Friday, October 28, 2011


Halloween is practically upon us and I, for one, can not believe how quickly October has flown by!  I was hoping to publish one or two more posts before The Big Event but, given the time, will squeeze all that I have into this post.  And, if I can guarantee you the projects here are quick (even though the article will be long...)

First however, a note for the reader who requested, via a comment, more instruction for my "Sewn Harvest Pumpkins" post:  it has been updated to include a step by step tutorial.  An email was not provided so I have no other way to inform them that it has been completed.  To all other readers, if you ever have any questions regarding my projects, comments are great, but also feel free to email me at the address in my profile.  I read all emails and comments, love getting them, and try to respond as quickly as possible.  I thank all who have corresponded already! 

Here is a group shot of the Halloween 2011 dudes in this article.
Funny little guys.

So.  Here I go.  Halloween is Monday.  Already.  Wow.

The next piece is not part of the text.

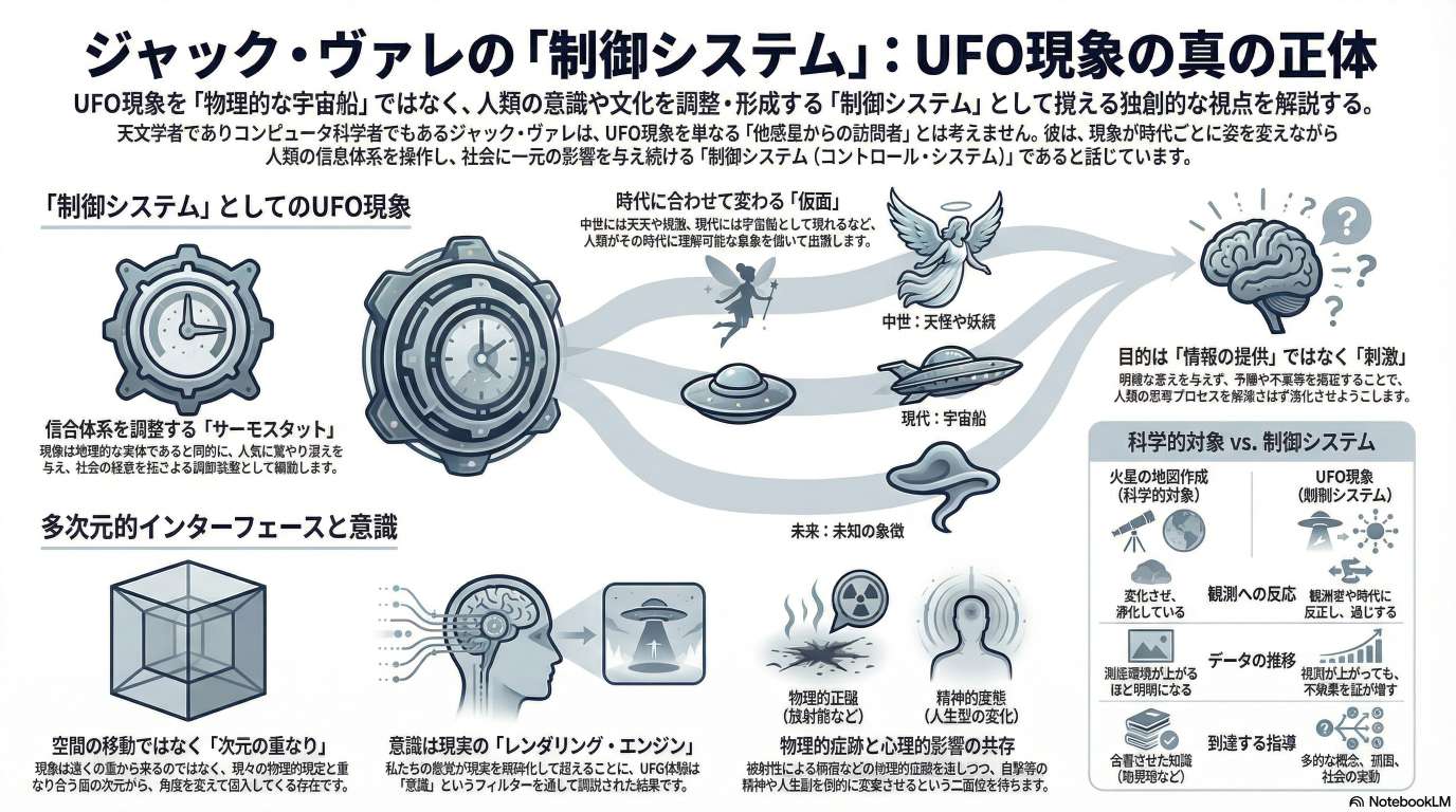 が解説した動画を AI(NotebookLM) で整理した。Jacqeus Vallee 本人は登場しない。 内容はこの人物が理解した Vallee の主張であり、この人物独自の解釈もかなり混入している(*1)ので、Vallee の主張を誇張・拡大解釈しているとも言える。

Project One - Goofy Vampire Pumpkin:

As I have been looking through this year's Halloween books and magazines it appears that the big trend in pumpkins  is to decorate them rather than carve them.  It's as though all the editors got together and said, "forget carving this year, let's dress the pumpkins up instead!"  Some are decoupaged with fabric, tissue paper, or book pages (including mine from my last post); some are decked out with glued on embellishments such as rick rack and other trimming; some have been painted a solid color (white or black has been the norm) with a silhouetted image painted (or glued) on.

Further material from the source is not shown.